2. The fucked up thing about 10's, that I only learned last week, but upon reflection to the 10's that I have been together with, is actually true.
To land a 10 you MUST introduce a jealousy plot-line. Just as pre-selection is the biggest attraction switch in a girl, for a 10 it is vitally important that you en corporate the fact that she is not the only girl in your reality that you are considering.
As men we don't understand this because we are not instantly more attracted to a girl because she has a boyfriend, but woman are. Just accept that over time evolution has hard-wired females this way.
She will only seriously realise her attraction for you, when she realises that she is competing with other females.
I just got distracted on a SPAM call and it is now 4:10am here so I will summarise quickly what I read from your post, my advice, bear in mind that I will follow up and write in more detail should you need it, when I have more spare time.
Whilst the advice I give you might be technical I want it noted that I did successfully pick up my first 10 when I had read/learned absolute zero game.
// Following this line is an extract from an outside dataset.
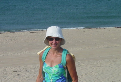 | Arlene keeps up the pace along the beach. After our swim we switched to barefoot walking but could not keep up the same pace. Having a schedule to meet our pick-up, we eventually switched back to sneakers. |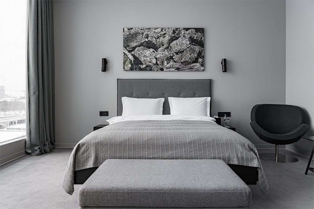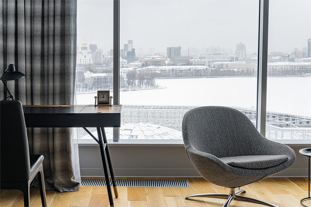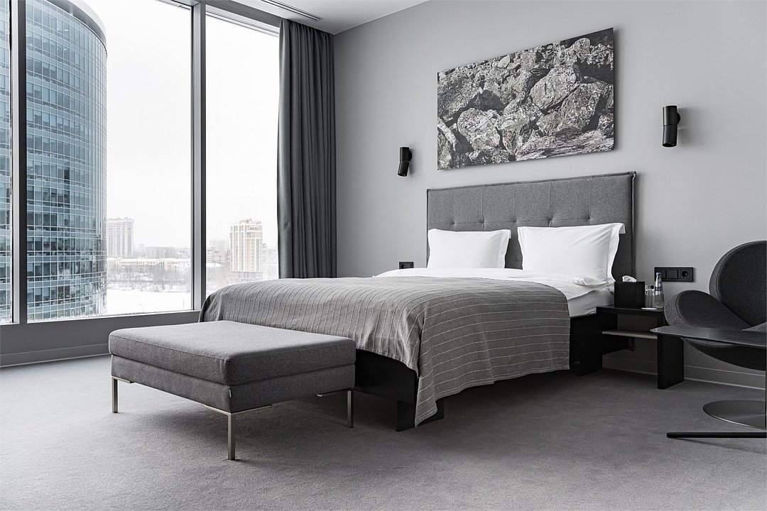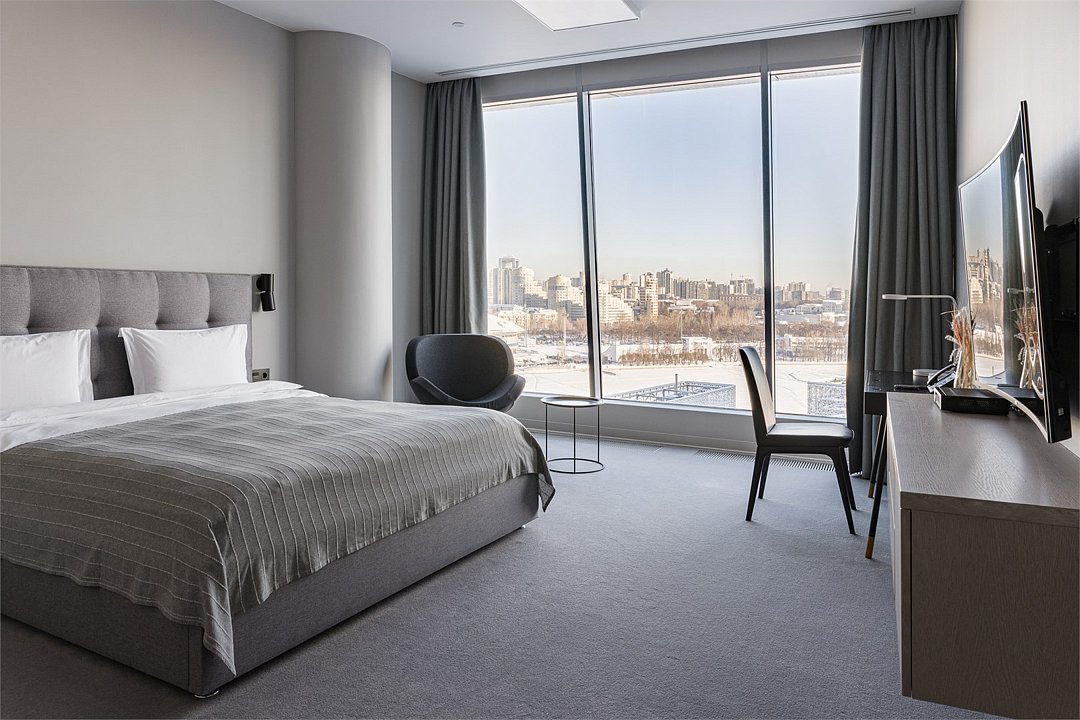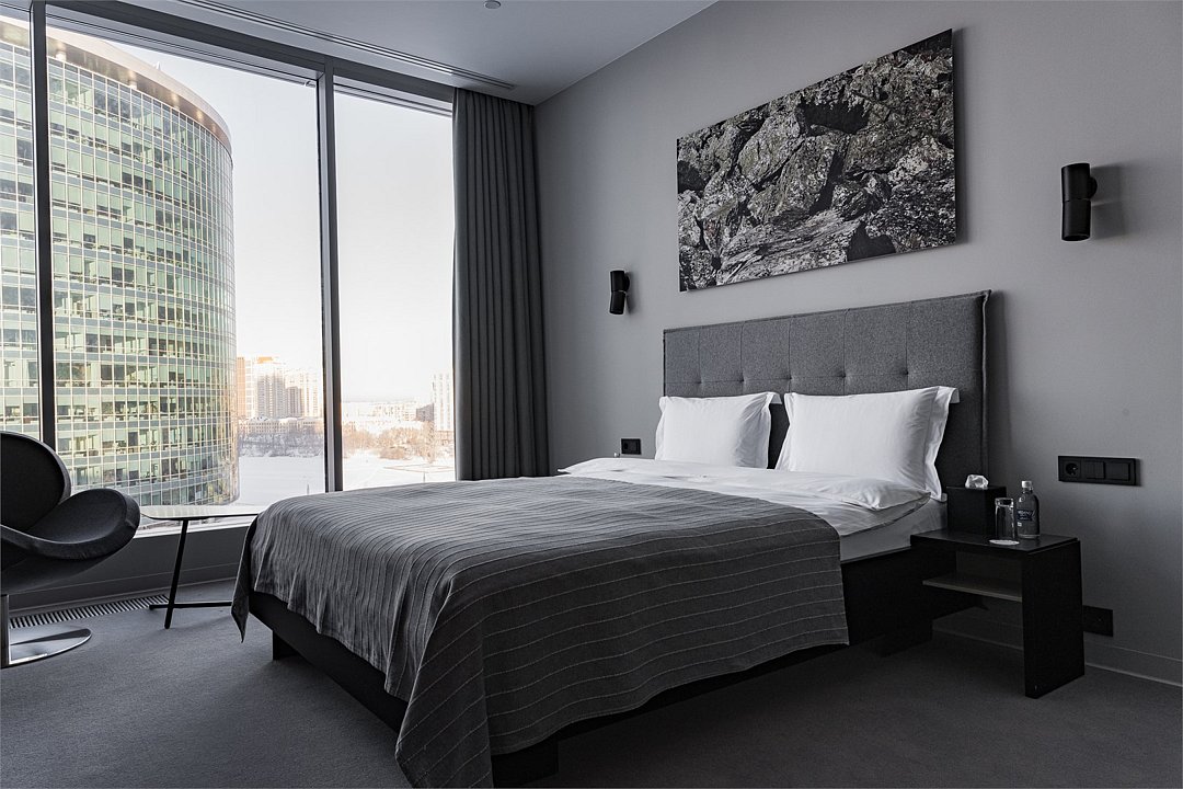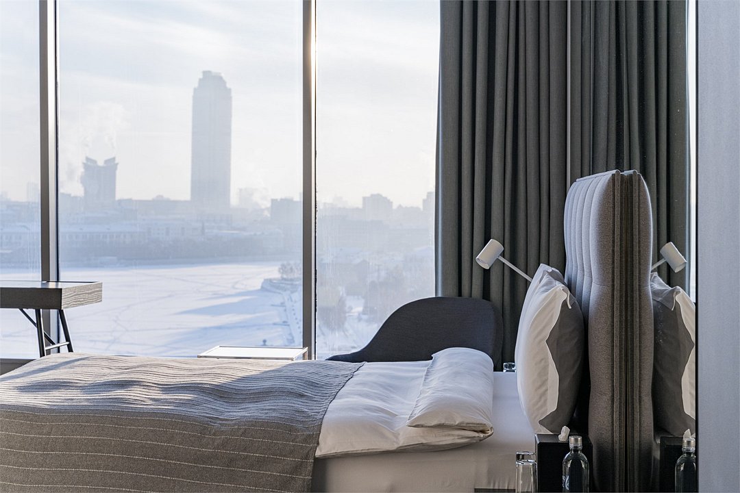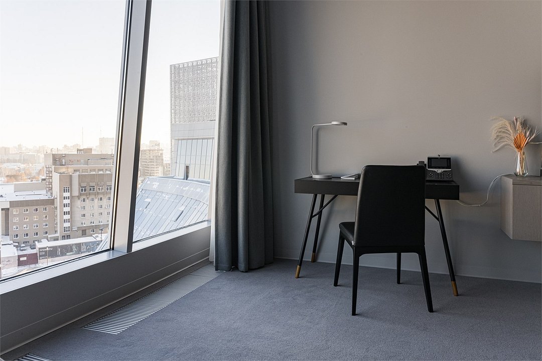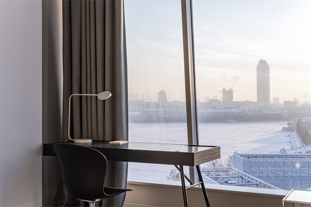 Номер площадью 40 м² с двуспальной кроватью, эргономичной рабочей зоной и ванной комнатой с душевой. Из окон открывается вид на мост, реку Исеть и Екатеринбург-Сити. В номере есть LED телевизор, мини-холодильник с баром и снеками, кофемашина и чайник. Бесплатный Wi-Fi. Отель предлагает в номере гостям наборы гипоаллергенной косметики Naturals Remedies.Услуги и удобства

In my AFC days. The reason I say this is that while I may had been lucky and flipped attraction switched by accident, I solidly believe that I achieved that 10 due to congruence, 'real' talking and interactions, and solid inner game. Which, by what I read of your detailed post, you submitted to her and have.
"When you're doing something wrong and no one is bothering to tell you anymore, that's a bad place to be. It means they gave up on you. Your critics are the ones that are telling you they still love you and care." -The videos section of this forum.
You need to change your frame. You are the prize. Period.
If you do not change this frame, you will not have success with this girl.
The first two paragraphs in your post were DLV's. You want us to add value to your thread, for us to add value, be a man of value. Tell us that this post is fucking worth reading! (We may learn something, I did). I am scared that you may have done this around your 10, DLV'd by accident. It's okay to DLV, just not when you are attracting a partner. You have not kissed her yet so you should not be DLVing.
You blew this set.
You tried to be a nice guy.
You accommodated to her whims.
You let her control the set.
She won the frame game.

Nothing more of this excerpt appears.